S3 Encryption Proxy Installation¶
The CloudTaser S3 proxy is a sidecar container that provides client-side encryption for S3-compatible object storage. It intercepts S3 API calls on localhost:8190, encrypts object bodies using envelope encryption with an EU-hosted Vault Transit key, and forwards requests to the upstream storage endpoint. Data is encrypted before it leaves the pod -- the cloud provider never sees plaintext object contents.
Purpose¶
While CloudTaser's core components protect secrets in process memory, many workloads also store sensitive data in object storage (S3, GCS, Azure Blob). The S3 proxy extends data sovereignty to data at rest:
- Client-side encryption -- Objects are encrypted inside the pod before upload; the cloud provider stores only ciphertext
- EU key control -- Encryption keys are managed by the EU-hosted Vault Transit engine; the cloud provider never holds decryption keys
- Transparent to applications -- The proxy runs as a sidecar; applications point their S3 SDK to
localhost:8190and the proxy handles encryption/decryption transparently - Envelope encryption -- Each object gets a unique data encryption key (DEK), wrapped by the Vault Transit key (KEK)
S3-compatible
The proxy works with any S3-compatible endpoint: AWS S3, GCS (S3-compatible API), MinIO, Ceph, and others.
Prerequisites¶
Before enabling the S3 proxy, ensure:
- CloudTaser operator is installed -- The S3 proxy sidecar is injected by the operator's mutating webhook. See Operator Installation.

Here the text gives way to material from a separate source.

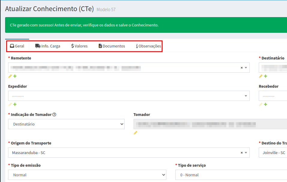 Passo 6: Depois de clicar para Emitir, o sistema vai abrir a tela do CTe com quase todos os dados já preenchidos com as informações contidas na NFe. Então você pode navegar entre as abas do CTe e conferir os dados e também preencher o restante dos dados que faltam, por exemplo valor e CFOP (que aliás pode ser configurado para ser automático, veja neste artigo). Veja na imagem abaixo as abas de informações do CTe.

- Vault Transit engine is configured -- The proxy requires an EU-hosted Vault Transit secret engine with at least one encryption key.
- Upstream S3 credentials -- The proxy needs credentials to access the upstream S3-compatible endpoint. See S3 Proxy Credentials for detailed credential scenarios.
Vault Transit Engine Setup¶
The S3 proxy uses Vault's Transit secret engine for envelope encryption. Configure it on your EU-hosted vault:
# Enable Transit secret engine
vault secrets enable -path=transit transit
# Create an encryption key for S3 proxy
vault write -f transit/keys/cloudtaser-s3 \
type=aes256-gcm96
Key location matters
The Transit key must be hosted on your EU vault instance. This is what ensures that the cloud provider cannot decrypt your stored data -- the key never leaves EU jurisdiction.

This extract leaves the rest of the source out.